Washington and Brussels may be able to find effective ways to influence Budapest and Belgrade, the remaining pro-Putin capitals in Europe. As this column indicated yesterday, both Hungary and Serbia remain more sympathetic to Russia’s needs than to Ukraine’s. But now that both Prime Ministers Viktor Orban in Hungary and Aleksandar Vucic in Serbia have been endorsed by their electorates, conceivably they can be turned diplomatically to cease purchases of gas and consumer goods from Russia and, in Hungary’s case, to allow war materiel to transit to Ukraine. Slovakia is ready to lend Ukraine antiaircraft batteries and Poland older MIG fighters.
The object of these and a host of other logical and obvious bans, boycotts, and rebuffs of products Russian is -- as we wrote last week – to tighten the sanctions noose around Russia in order to slow (or a least harass) its war machine. Further, this global effort wants to add discomfort to Russian consumers sufficiently harsh to cause an unlikely internal militant revolt against the war from within Russia.
On Monday, this newsletter also advocated a range of contributions that citizens everywhere could make individually -- lowering thermostats, driving less, reducing speed limits, turning out lights, and so on.
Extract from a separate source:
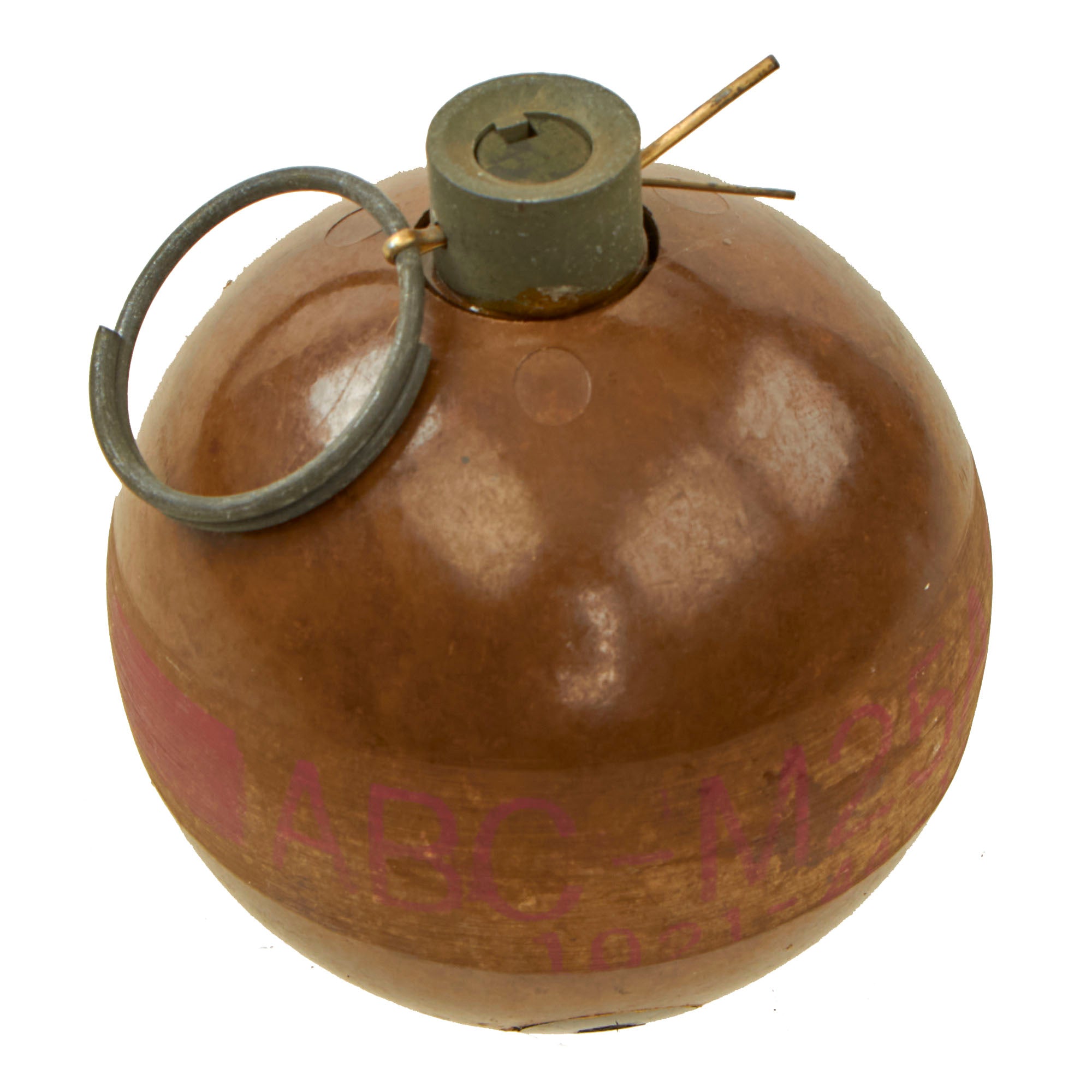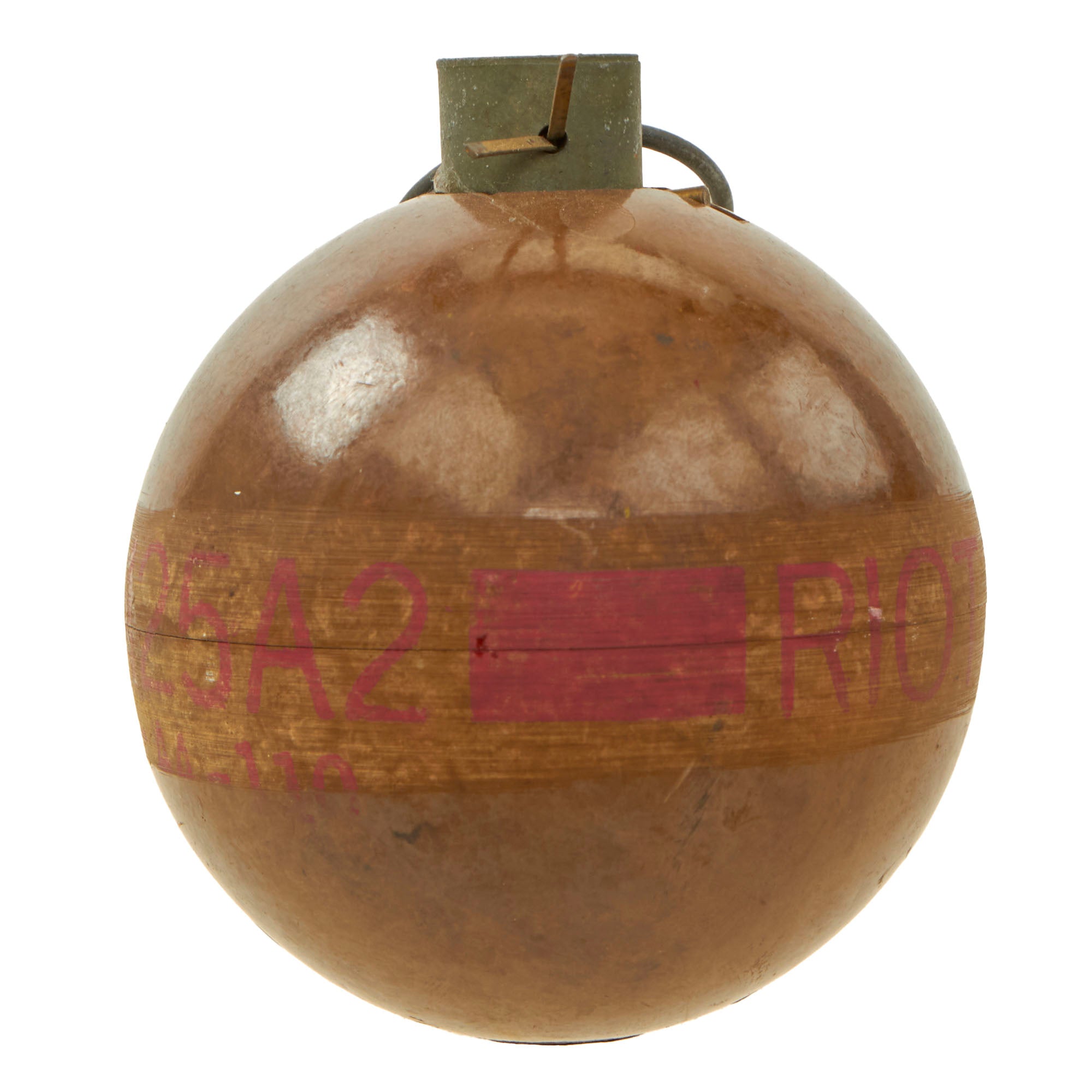 Original Item: Only One Available. This is a lovely example of the bursting type, plastic CS “Riot Control” grenade known as the M25A2. The grenade is in wonderful condition and appears to have no damage to the phenolic plastic type body. The grenade retains most of the original markings in red paint making this a fantastic offering.Unloaded or dummy grenades, artillery shell casings, and similar devices, which are cut or drilled in an BATF-approved manner so that they cannot be used as ammunition components for destructive devices, are not considered NFA weapons. This example is in total compliance and is NOT AVAILABLE FOR EXPORT.Hand grenade riot CS1, ABC-M25A2 is a bursting type riot control agent grenade and may be used to simulate casualty agents during training.The grenade has a powerful lachrymal effect and is irritating to the upper respiratory passages, causing coughing, difficulty in breathing and chest tightness. Heavy concentrations will cause nausea and vomiting as well. The onset of incapacitation is 15 to 30 seconds and duration from 30 minutes to several hours depending upon the dosage concentration. CS is more persistent and has a more severe reaction than CN. The grenade body is spherical and is made of two plastic hemispheres attached together. The two pieces together form a burster well and slider housing.The fuze is a pyrotechnic delay-detonating type integral with the grenade body. The fuzing components consist of an arming sleeve, arming pin, firing spring, slider assembly, and firing pin. The slider assembly contains a primer, pyrotechnic delay column, and a detonator which are not present. The grenade is assembled with a safety pin and pull ring which is still present on this example.A lovely example ready for further research and display.

Possibly those ideas will soon resonate with publics everywhere, and politicians will act.
It is time, too, to re-evaluate the nature of the nuclear threat from Russia and to give more weapons and support to the Ukrainians who are defending their country and the free world. “If we don’t have heavy weapons,” President Volodymyr Zelensky asked Tuesday, “how can we defend ourselves?” Even more relevant, given the shifting quality of the war, how can Zelensky and his fighters pursue retreating Russians and cope with Russian air and missile attacks without the kinds of anti-aircraft weapons and modern airplanes that will enable them to regain control of the skies?